Research into the software took place over the course of 4 months. Researchers had no prior use with the software, which helped prevent influencing participants during user test. Researchers were split into four groups that focused on 4 different types of banders, this was done to ensure a diverse participant pool. Since banders are located across both the United States and Canada we implemented the use of Zoom, a web conference software, to assist with the research.
There were two rounds of research for this project. The preliminary round of research was a set of contextual inquiries, a process in which we observed users interacting with the software in a way that was familiar to them. During this process users were asked to show us a task they did frequently. Users were encouraged to speak openly during this session, and researchers also asked follow up questions about how task had been completed. Using information collected during this initial round we were able to create a user matrix to quickly compare users behavior.

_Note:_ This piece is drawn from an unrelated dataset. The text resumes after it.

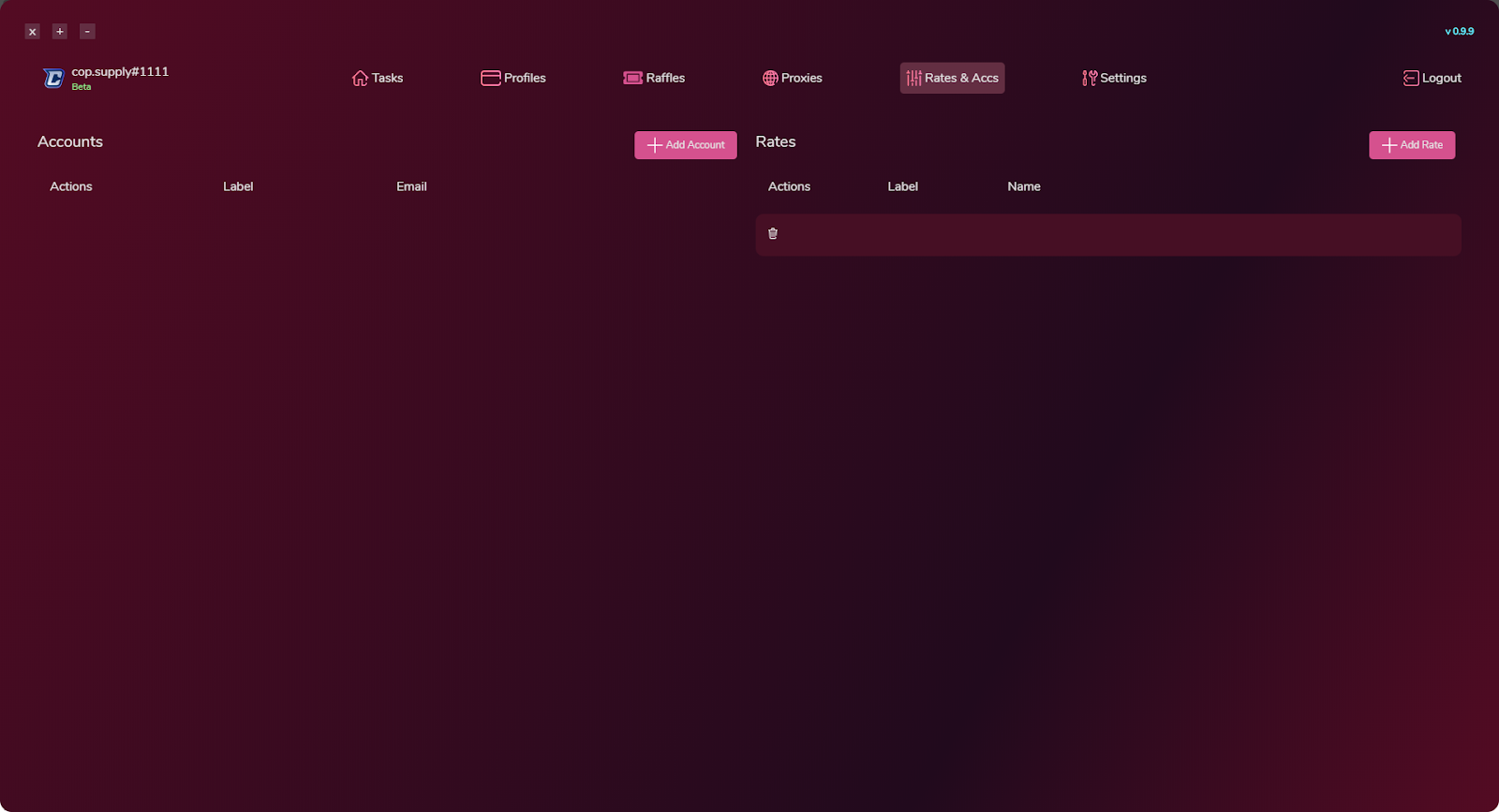 On this page you can add rates and accounts into Kilo which you can then inject into your tasks for better efficiency. To add accounts you can hit the “Add Account” button which will then prompt you to enter an email, password and a label for labeling purposes. To add rates you hit the “Add Rate” button which will then prompt you to enter the shipping rate text and shipping rate label.

In the task analysis portion of our research, four users were tested; one was tested in-person at the University’s user research lab using eye-tracking software. The other three participants tested remotely using, a teleconference and screen-sharing software. All of the sessions were recorded. Each user was asked to complete 5 detailed task within BANDIT to better understand the current user journey.

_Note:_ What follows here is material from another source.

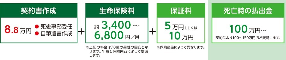 - 2 「既払込保険料」+「保証料5万円もしくは10万円」+「保証金最大35万円」が、死後事務にかかる費用の原資となります。

Testing revealed several areas of concerns for users, such as lack of feedback, readability,  and findability. Users were experiencing content overload when trying to interact with the software. Many of the issues banders ran into we found to be issues that had resolutions within the program however due to its complexity was out of reach for many users. 

Eye tracking software showing the lack of findability within the software's use of a horizontal scroll

Lack of findability within the reference list, as shown by eye tracking

Based off of the findings and recommendations provided, there are both short term and long term fixes the BBL can put into place to improve the usability of Bandit. Short term fixes include identifying target users for the batch upload, providing an FAQ section, increasing advertisement of print and electronic reference manuals, and continued encouragement of feedback from users. We also encourage promotion of features and development of standardize training materials for users. These solutions leverage the strengths that Bandit already has with low cost and effort; and they will help mitigate frustrations with the program until a more permanent redesign can take place.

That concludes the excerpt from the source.